Monitored information

collectd
memcached (hit, miss, set), mysql (total insert/delete/update), docker (contextswitch), tcpconns (#socket open on a specific port).
cadvisor
networkIn/networkOut, mysql cpu/mem, rabbit cpu/mem.

cadvisor (each 10 sec log into influx, monitor one physical compute node)

Get results

First, find the name of the host machine.

cd results
vagrant up idle
XPHOST=`vagrant ssh-config idle | grep HostName | awk '{print $2}'`

Then, create ssh tunnels

# Get an access to the grafana
ssh -NL 3000:${XPHOST}:3000 rennes.g5k
# Get an access to the nginx with kolla logs
ssh -NL 8000:${XPHOST}:8000 rennes.g5k

Results

Nova API

Purpose: Nova API is the user-facing interface to all OS services. Nova API processes client REST requests, which typically involve database reads/writes and optionally sending RPC messages to other Nova services via the oslo.messaging queue [fn:os-archi].

Nova API 5 10 25 50
Mem max (GB) 1.60 1.60 1.72 1.60

Remarks: Using max for memory makes sense since the curve instantly reaches the max and never decreases.

Trend: The amount of used memory is constant whatever the number of node is.

Findings: TODO

[fn:os-archi] http://docs.openstack.org/developer/nova/architecture.html

Nova Conductor

Purpose: Nova conductor acts as a database proxy between computes and the database. Such proxy makes possible the communication between an upgraded system and an old version nova compute.
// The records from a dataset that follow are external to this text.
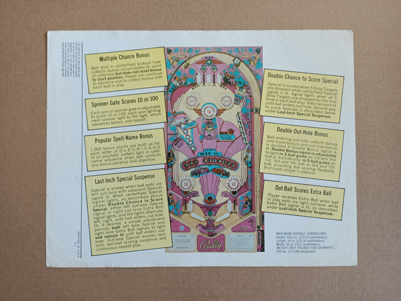 Flyer: Bally Old Chicago (1975) Flipperkast
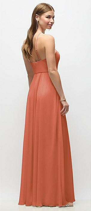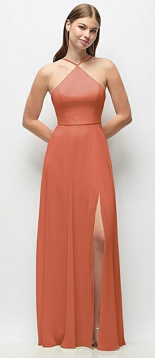 High-Neck Halter Chiffon Maxi Dress with Adjustable Spaghetti Straps in terracotta copper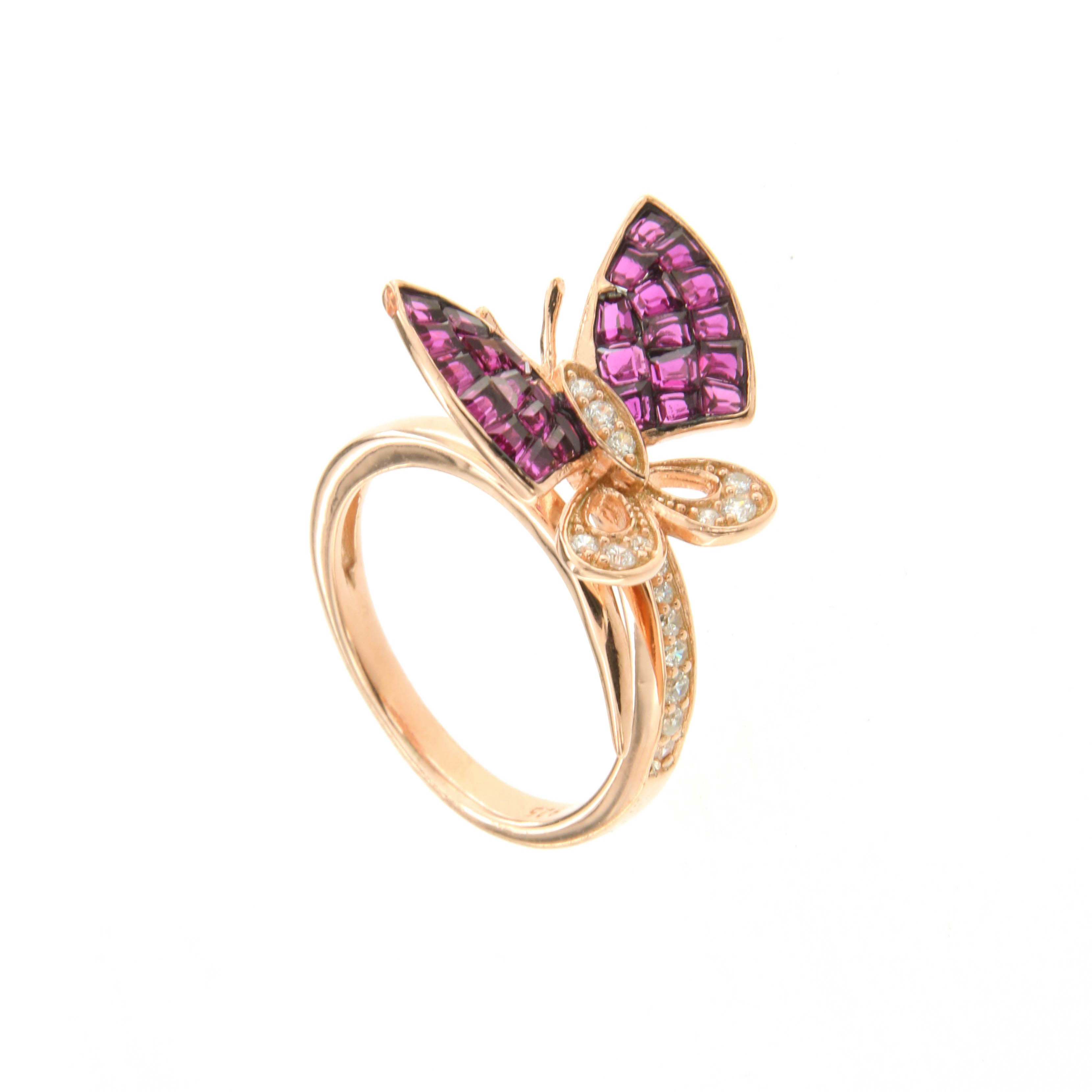 Пръстен от “Jacklin hugasian” в розово сребро с цирконии и розов турмалин.

The conductor handles requests that need reconfiguration and objects that need conversion.

Nova Conductor 5 10 25 50
Mem max (MB) 2.47 2.47 2.45 2.47
CPU avg (#usage) 1.22 2.00 3.68 7.00
Rx avg 122kB/s 161kB/s 560kB/s 1.1MB/s
Tx avg 85kB/s 242kB/s 360kB/s 750kB/s

Remarks: For memory, using max seems OK since the curve quickly (10 min) reaches the max and never decreases.

Trend: Mem is constant and CPU is linear in number of nodes.

Findings: TODO

Nova Scheduler

Purpose: Nova scheduler decides which hosts gets each instance.

Nova Scheduler 5 10 25 50
Mem max (MB) 100.30 104.00 106.30 109.60

Remarks: Using max makes sense since the curve instantly reaches the max and never decreases. Is this linear with the number of nodes?

Findings: TODO

Keystone

Keystone is the OS identity service. It provides API for client authentication, service discovery and multi-tenant authorisation. Nova api talks to Keystone thought an http connextion.

Keystone 5 10 25 50
Mem max (MB) 774 771 772 780

Remarks: None

Trends: The max usage of memory seems constant in the number of nodes.
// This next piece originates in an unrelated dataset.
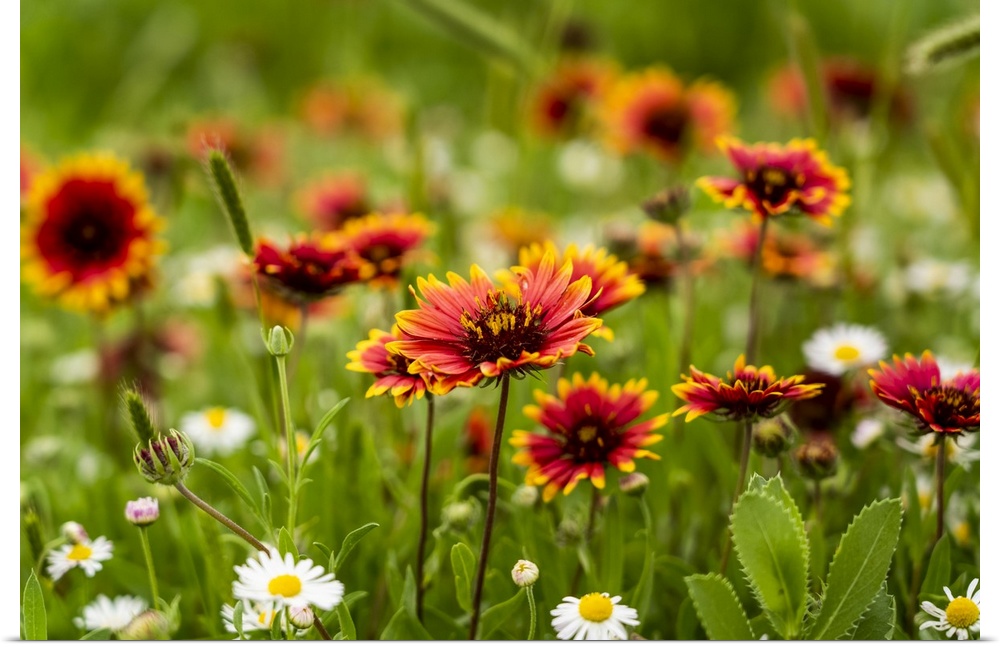 <p>Beautiful red and white wildflowers growing in a field of grass; Oklahoma, United States of America.</p>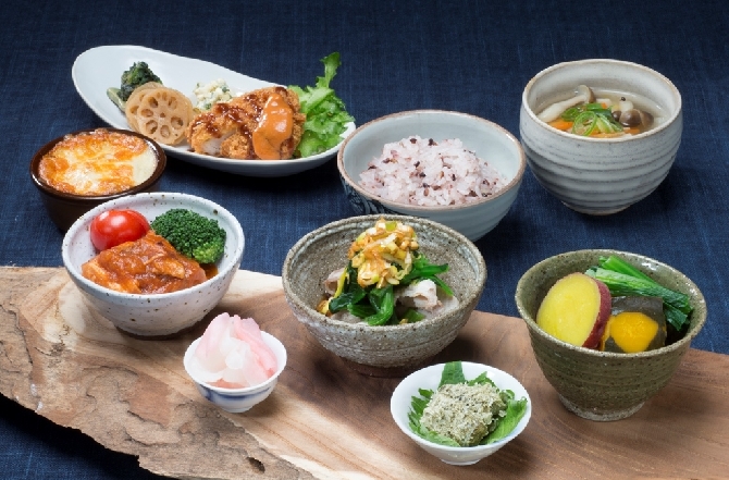 地元の季節野菜を使った色とりどりのおかずに野菜スープ、古代米ごはんがついたヘルシーセット。青葉山の風景とともに、高浜をたっぷりお楽しみください。「しめ鯖のおきな和え」の他、季節ごとのデザートも人気!

What about the CPU? Keystone is called 4 times during the deployment, and every time keystone is called there is a CPU peak. The value of theses peaks are the same for all experimentation. However, the time between the second and the third peak increases with the number of node. The time is of 5 minutes in the first experiment, 7 minutes in the third one and 9.3 in the last one. Thus, OS does something after the second peak that takes more times if the number of nodes increases. Time between the third and forth peak increases in the same manner.

Findings: TODO

Neutron server

Purpose: Neutron Nova api and nova compute talk to neutron throught an http connexion.

Neutron Server 5 10 25 50
Mem max (MB) 419 420 359 441
CPU avg (#usage) 0.14 0.21 0.39 0.69

Remarks: The trend of memory usage is not clear, especially because of the third and fourth experiment results. It could be constant or linear.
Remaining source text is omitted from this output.